RVJ / ZWR 2014 211 Droit pénal – menaces ou contrainte – ATC (juge de la chambre pénale) du 11 février 2013, X. c. Office central du Ministère public - TCV P3 12 192 Menaces ou contrainte - En principe, la notification d’un commandement de payer ne constitue pas une menace. Toutefois, l’introduction d’une poursuite pour une importante somme d’argent non due constitue un moyen de pression illicite propre à impressionner une personne de sensibilité moyenne (art. 180 al. 1 et 181 CP ; consid. 3.1.2). - Le droit du créancier au produit de la poursuite ou du débiteur à l’excédent du prix de réalisation n’a aucun rapport avec la responsabilité de l’Etat (art. 5 al. 1 LP ; consid. 3.1.3). - La notification d’un commandement de payer à l’ancien administrateur de la masse en faillite pour des avances d’honoraires excessives ne constitue ni une menace ni une contrainte, car elle constitue un moyen conforme au droit propre à atteindre un but légitime et n’est pas susceptible d’impressionner l’intéressé, avocat expérimenté, persuadé, à tort, que seul l’Etat peut l’actionner sur action récursoire, à l’exclusion de la masse en faillite (3.2.1 et 3.2.2). Drohung oder Nötigung - Die Zustellung eines Zahlungsbefehls stellt grundsätzlich keine Drohung dar. Allerdings stellt die Einleitung einer Betreibung über einen beträchtlichen, nicht geschuldeten Betrag ein unzulässiges Druckmittel dar, das geeignet ist, eine durchschnittlich sensible Person gefügig zu machen (Art. 180 Abs. 1 und 181 StGB; E. 3.1.2) - Das Recht des Gläubigers auf das Ergebnis der Betreibung oder des Schuldners auf den Überschuss aus der Verwertung hat keinen Bezug zur Haftung des Staates (Art. 5 Abs. 1 SchKG; E. 3.1.3). - Die Zustellung eines Zahlungsbefehls an den früheren Konkursverwalter wegen überhöhter Honorarvorschüsse stellt weder eine Drohung noch eine Nötigung dar, da sie ein rechtskonformes Mittel darstellt, um ein legitimes Ziel zu erreichen, und nicht geeignet ist, den Betroffenen, ein erfahrener Anwalt, zu beunruhigen, der zu Unrecht davon überzeugt ist, dass nur der Staat und nicht auch die Konkursmasse gegen ihn regressieren kann (E. 3.2.1 und 3.2.2).
Faits (résumé)
A. Lors du rapport concernant le décompte final d’une faillite, l’Inspection cantonale des finances a constaté que l’administrateur spécial X. avait perçu des avances excessives pour un montant de 27 326 fr. 90. Sur réquisition de poursuite de la masse en faillite, l’office des poursuites a notifié à X. un commandement de payer portant sur cette somme.
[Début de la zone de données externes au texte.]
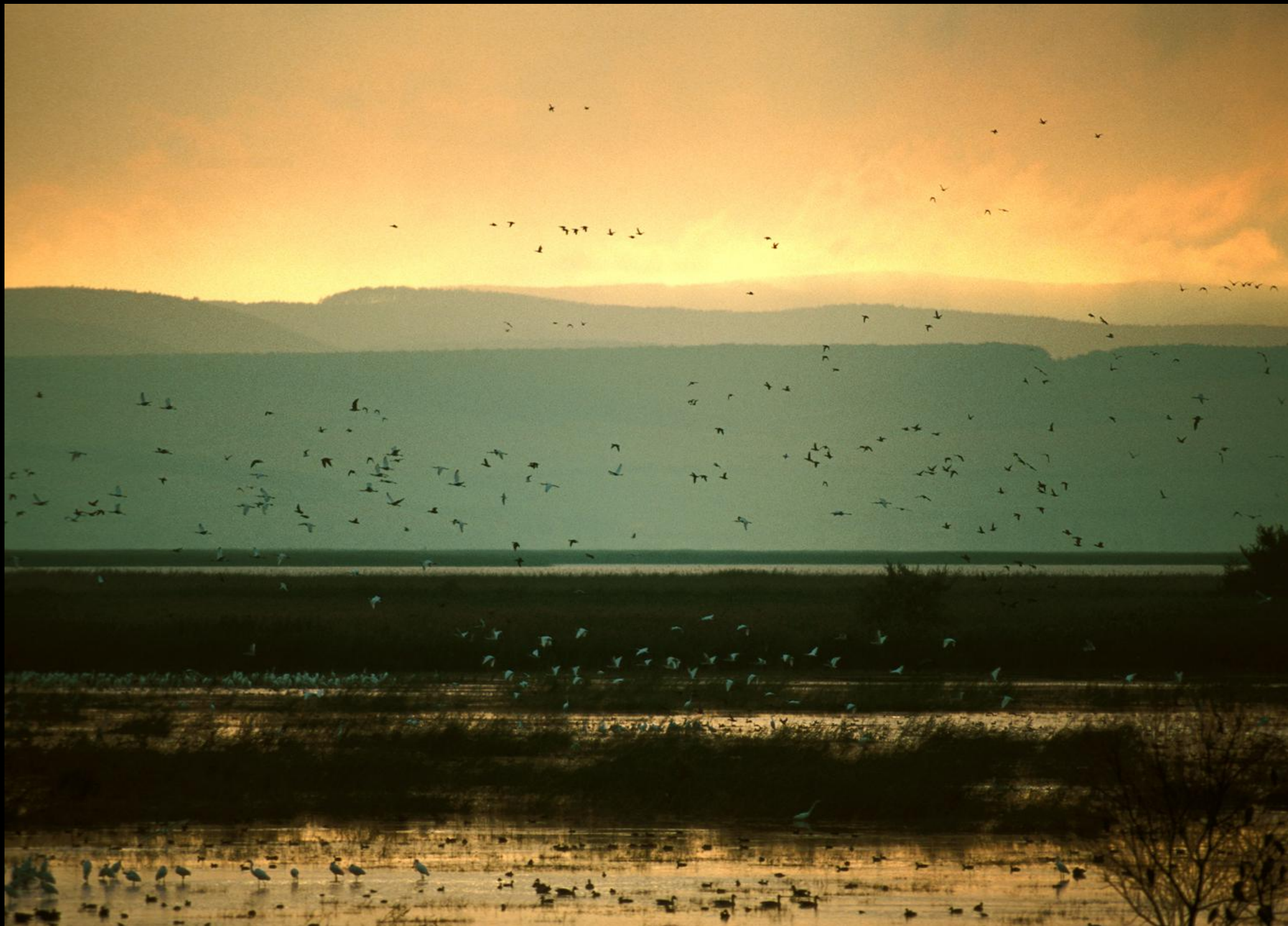
Entfernter Blick auf das Leithagebirge. Blick von der Mexikopuszta im ungarischen Seewinkel. Im Herbst versammeln sich hier die Zugvögel zum gemeinsamen Abflug in den Süden.

212 RVJ / ZWR 2014 B. X. a alors déposé plainte/dénonciation pénale contre le préposé à l’office des poursuites et faillites pour menaces et contrainte, y annexant un extrait du registre du commerce selon la faillite en question été close depuis près d’un an. C. L’Office central du Ministère public ayant refusé d’entrer en matière, X. a déposé recours contre cette ordonnance.